Extract, in full, the lines below, beginning at the first and ending with the line that contains "路線流向: 抵達赫爾辛基/雷克雅維克 ➔ 搭乘包機飛往斯瓦巴朗伊爾城/格陵蘭偏遠機場 ➔". Pictures do not belong in the copy.
──────── MATERIAL SUPPLIED
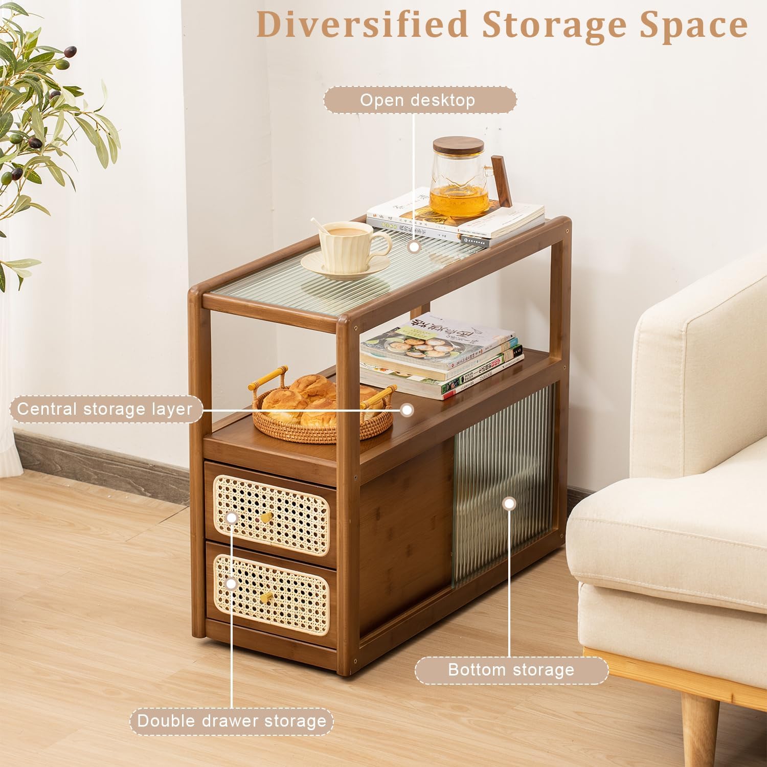 Bamboo Side Table Nightstand with Rattan Drawer & Glass Top – Multi-Function End Table, Nightstands with Storage for Bedroom, Living Room, and Small Spaces, Walnut
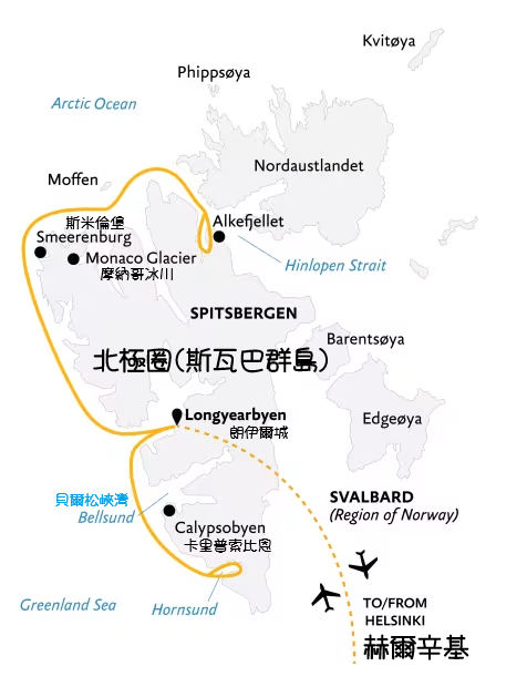 路線流向: 抵達赫爾辛基/雷克雅維克 ➔ 搭乘包機飛往斯瓦巴朗伊爾城/格陵蘭偏遠機場 ➔ 登船探索偏遠高緯度地區 ➔ 搭機返回歐洲大陸。
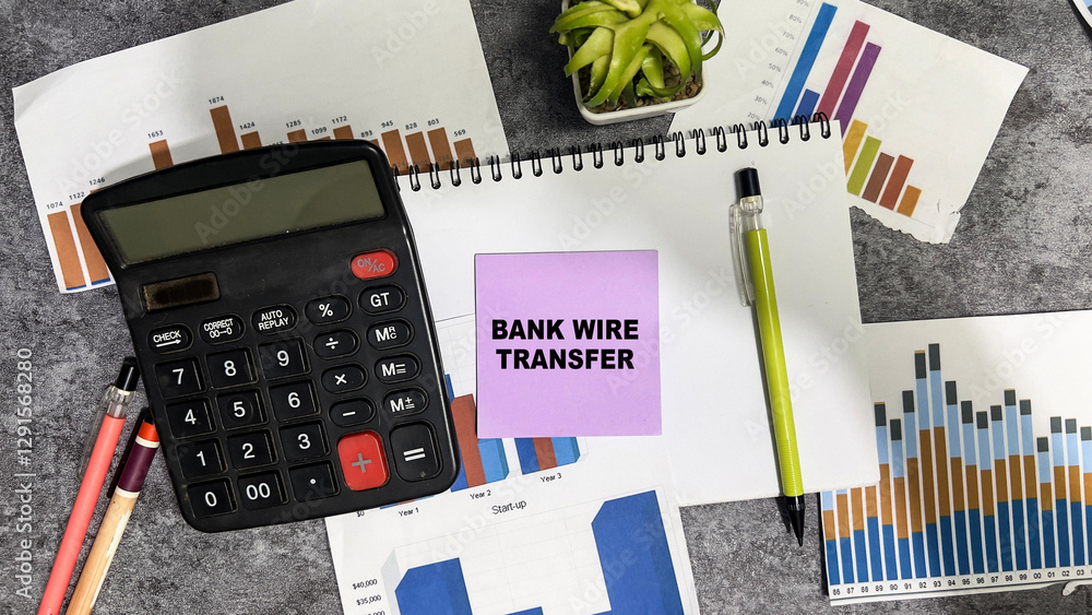 Concept of Bank Wire Transfer write on sticky notes isolated on Wooden Table.
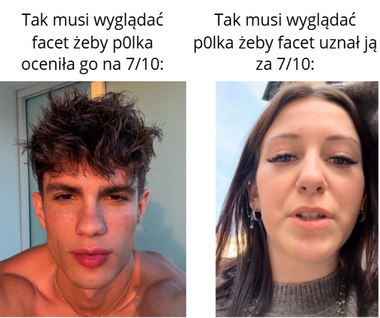 @PowiatowyBanan: xD Właśnie dlatego rynek jest tak r-------y. Żeby baba oceniła chłopa na 7/10 to musi wyglądać jak model a żeby chłop nazwał laske ładną to wystarczy że ma wszystkie zęby
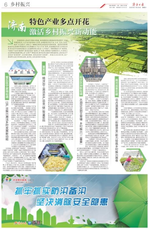 在国家深入实施乡村振兴战略、加快建设农业强国的宏伟蓝图下,济南市精准发力,以产业兴旺为核心引擎,全域推进乡村产业、人才、文化、生态、组织“五大振兴”,绘就了一幅幅充满活力的泉城乡村新画卷。起步区孙耿街道油莎豆零嘌呤啤酒项目与艾草锤加工“大小产业”并举,科技赋能与家门口就业并重;章丘区宁家埠街道聚力工业集群升级与农业“三产融合”,“铜铝铸造之乡”换新颜,“吨粮乡”迈向“高质田”;莱芜区依托“姜蒜之乡”优势,深耕农产品精深加工,75家规上企业带动全链条升级,让“土特产”畅销全球;商河县贾庄镇巧用衔接资金,温室花卉产业绽放“美丽经济”,成为集体增收、村民致富的“金钥匙”。济南正以扎实行动,在广袤田野上奋力书写农业强、农村美、农民富的时代答卷。
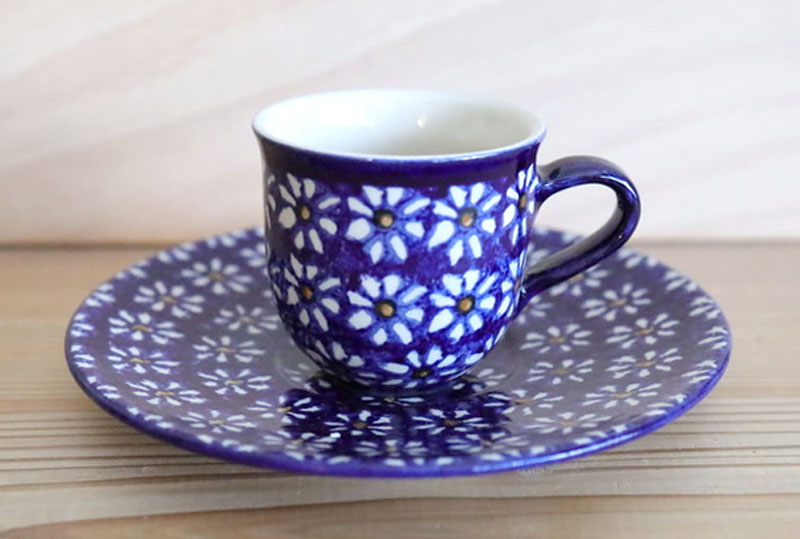 ご紹介するのは、カンネギーサー陶器の代表的な特徴である、深い藍色と花柄のスポンジ模様。工房はポーランドの国境付近にあり、ポーリッシュポタリーの雰囲気もありますが、漂う堅実さや透明感に、ドイツらしさを感じます。古いもので、現在はあまり見当たらないデザインです。
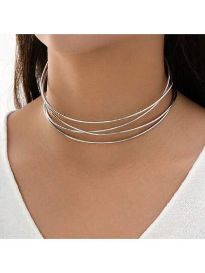1 件不对称几何项链,朋克金属项圈项链,女士,金色金属十字交叉时尚闪亮独特个性化颈链,情侣配饰 - 銀色 - 查看 1
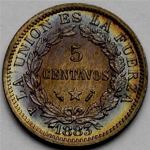 Republic 5 Centavos - Type Tandem, KM169.1 1883A, first Republic 5 Centavos - Type Tandem,
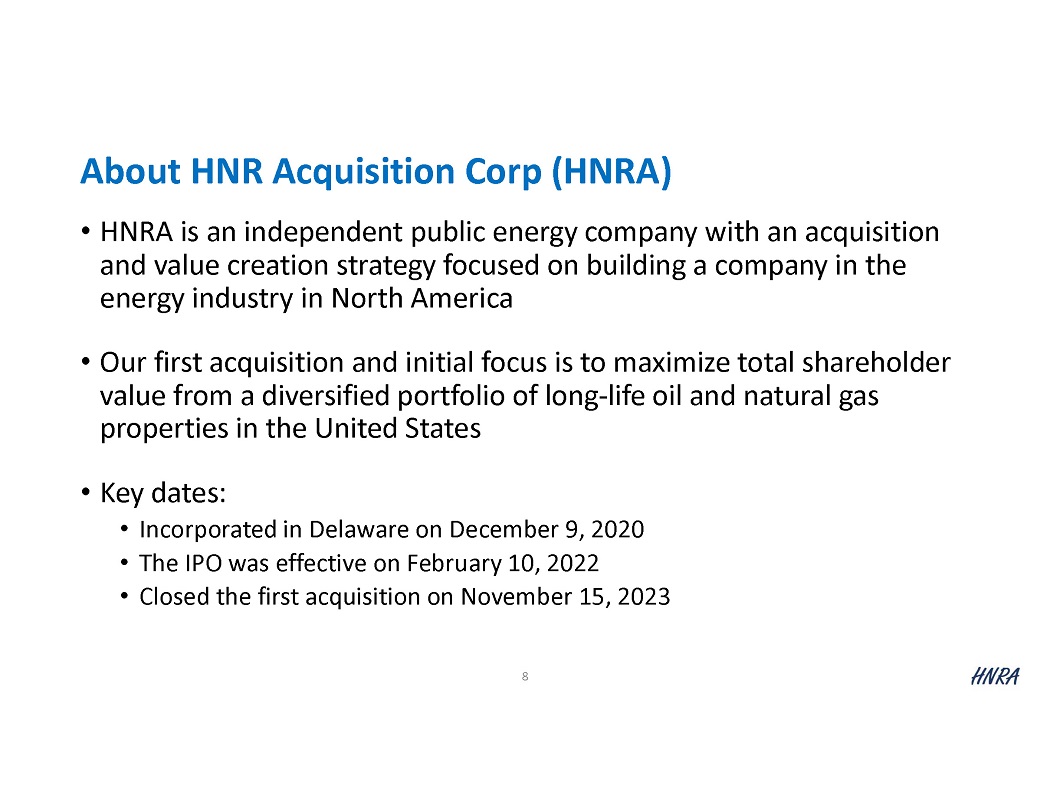 HNR Acquisition Corp Corporate Slide Presentation February 2024
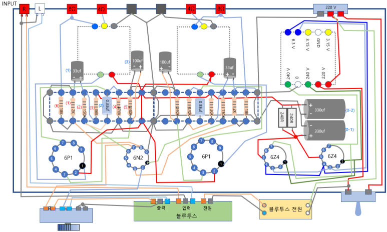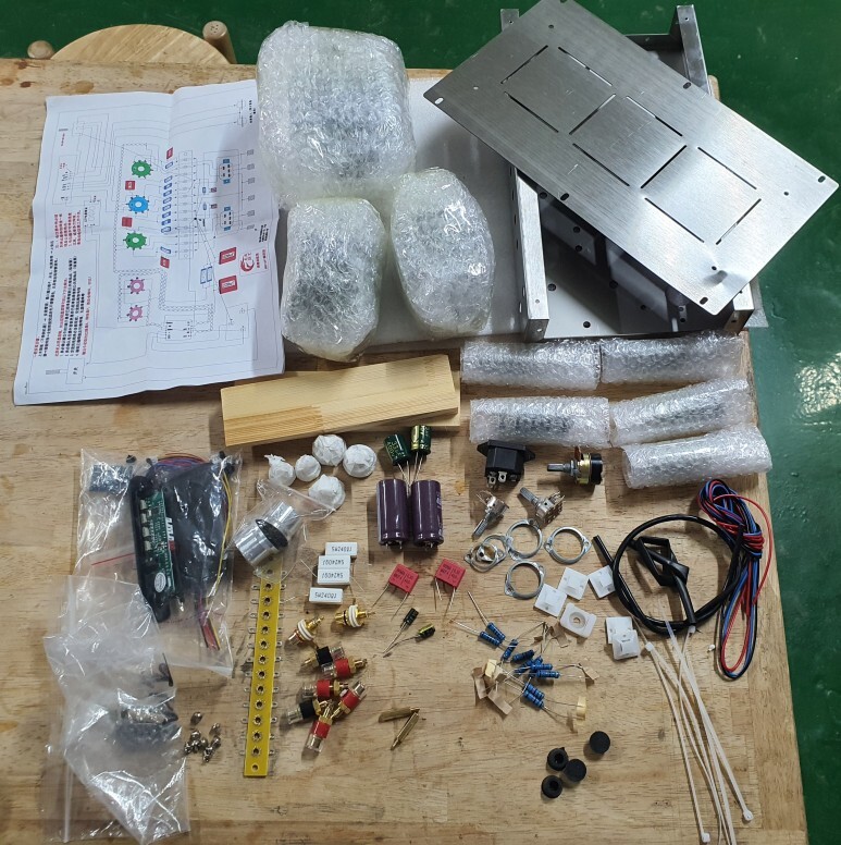 부품들 입니다. 저가의 다른 진공관앰프와 다른건 블루투스모듈 뿐입니다.
────────────────
● RESPONSE AREA
 Bamboo Side Table Nightstand with Rattan Drawer & Glass Top – Multi-Function End Table, Nightstands with Storage for Bedroom, Living Room, and Small Spaces, Walnut
 路線流向: 抵達赫爾辛基/雷克雅維克 ➔ 搭乘包機飛往斯瓦巴朗伊爾城/格陵蘭偏遠機場 ➔ 登船探索偏遠高緯度地區 ➔ 搭機返回歐洲大陸。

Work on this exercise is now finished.